>Posted by Kirsten Hansen
Risk. This four-letter word was prominent in the major headlines last week, as legislators met with the CEO of JP Morgan to discuss the company’s 2 billion dollar losses. Why had JP Morgan taken such enormous risk? Why had JP Morgan’s risk management strategies failed to prevent the risky trades?
In times of financial crisis, risk is an easy scapegoat. The financial institution took on too much credit risk. Interest rates on the company’s liabilities rose unexpectedly. If risk were fundamentally bad, the obviously solution would be eliminating all risks. But, as outlined in a recent Harvard Business Review article, for every financial institution there are always risks that a company actually chooses to take on in order to generate returns, and which are well encapsulated in the idiom, “Nothing ventured, nothing gained.” Since such strategic risks can’t be eliminated but are an essential part of the pursuit of returns, such risks must be carefully managed to maximize potential gains and minimize potential losses.
Effective strategic risk management is far easier said than done however, and experts are trying to figure out why. Last week’s New York Times article, “The Biology of Bubble and Crash,” by John Coates argues that risk assessment traditionally, and wrongly, has been viewed as a “purely intellectual affair, involving the calculation of asset returns, probabilities and the allocation of capital.” In contrast, the Harvard Business Review stresses the role of psychology in our perceptions of risk, citing the human tendencies to be “overconfident,” to “anchor our estimates to available evidence”, and fall victim to “groupthink.” Effective risk management, it follows, must take into account subconscious human folly. Similarly, as Nassim Nicholas Taleb argued in his bestseller The Black Swan, the greatest risks are those we do not even conceive of until they occur, and therefore risk management must prepare for the unknown and unthinkable.

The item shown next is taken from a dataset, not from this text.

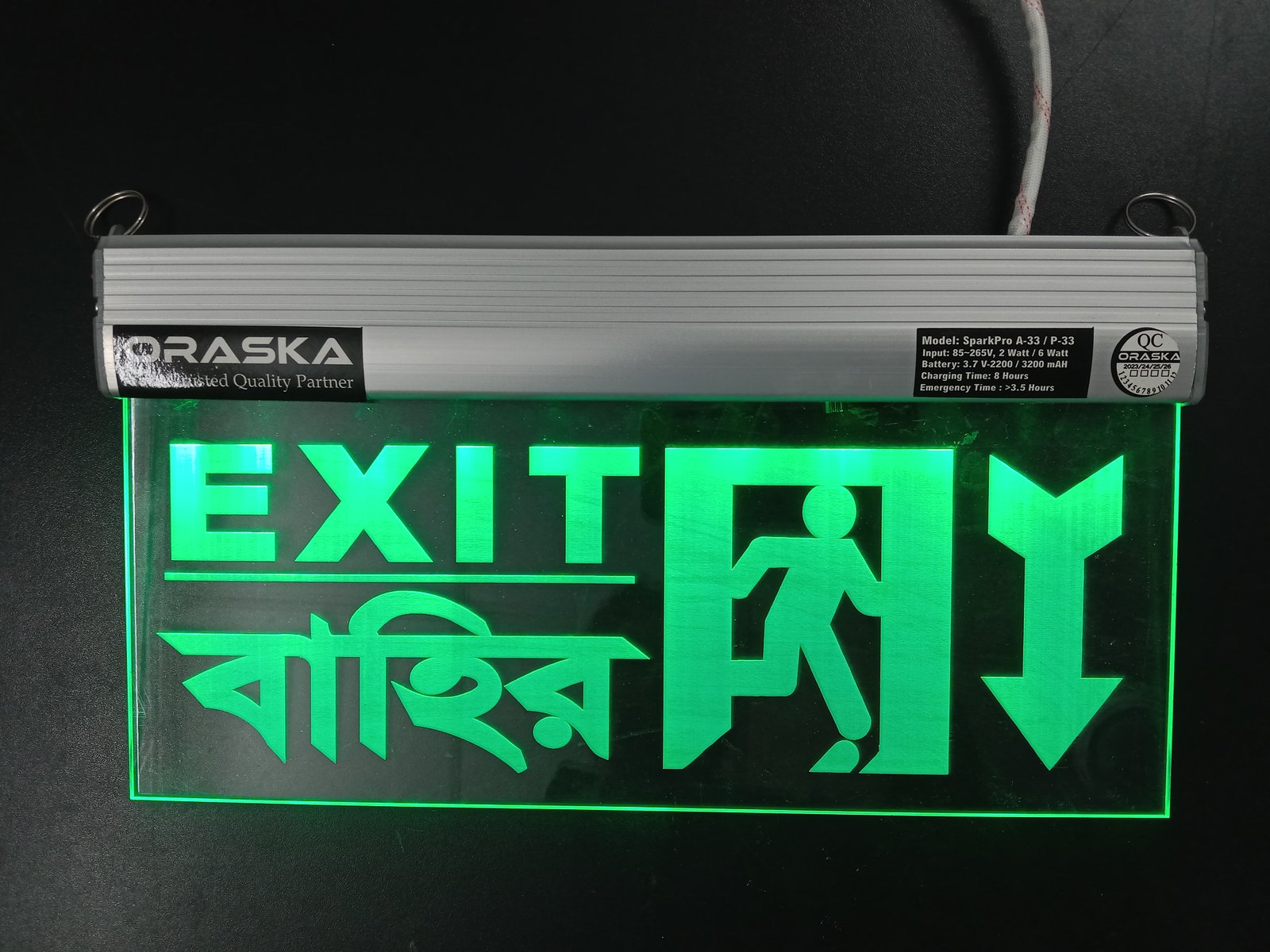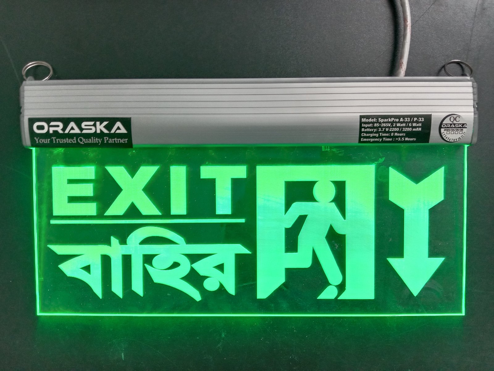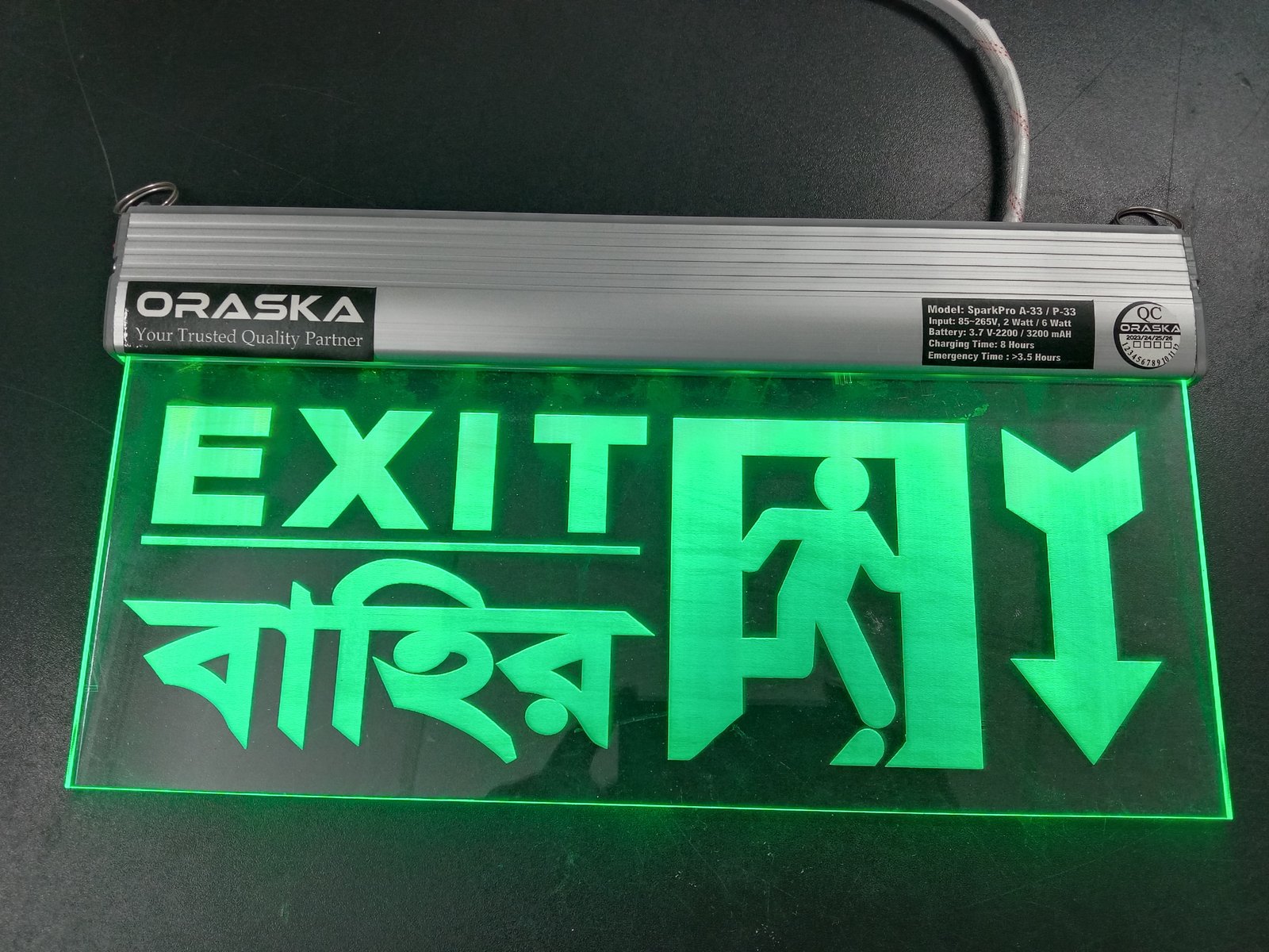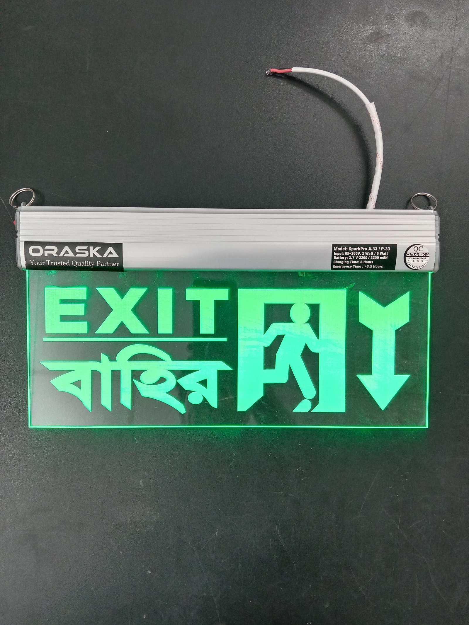 🔋 ORASKA SparkPro A-33 Clear Exit Sign Light

Whether the origins of misguided strategic risk-taking are intellectual, psychological, biological or some combination is unlikely to be resolved in the near future. But the implications of this question suggest that truly effective risk management strategies for financial institutions, including microfinance institutions (MFIs), must be similarly multifaceted. MFI’s, being credit providers, are explicitly in the risk business. Hence, credit risk, the risk associated with lending money and not getting it back, is inherent for MFIs. Thus an MFI deciding whether and what type of loan to make must be conscious of “optimism bias”, and properly evaluate the creditor. A loan officer may be overconfident about the probability or the size of returns and decide to make a loan without full consideration of the creditor’s credit history and circumstances. If the loan was subsequently not repaid, the loan officer might then exhibit “confirmation bias” and suppress information that would suggest the loan was a bad idea in the first place. Similarly, board members of MFI’s should be aware of their psychological tendencies when making business judgments on behalf of the financial institution. As explained in David Lascelle’s recent publication “Microfinance—A Risky Business”, a board, faced with increasing competition from other MFIs or banks, may choose to lower credit standards in order to increase the volume of loans. An individual board member uncomfortable with this new higher level of risk, may then succumb to “groupthink” and accept the decision of the rest of the board, rather than voice concerns about the new standards. That people have a tendency to inaccurately assess risk is nothing new, but recent insights into human psychology reinforce the challenge of successful strategic risk management. Only when strategic risk is successfully managed on all fronts will MFIs experience the greatest returns and avoid crisis.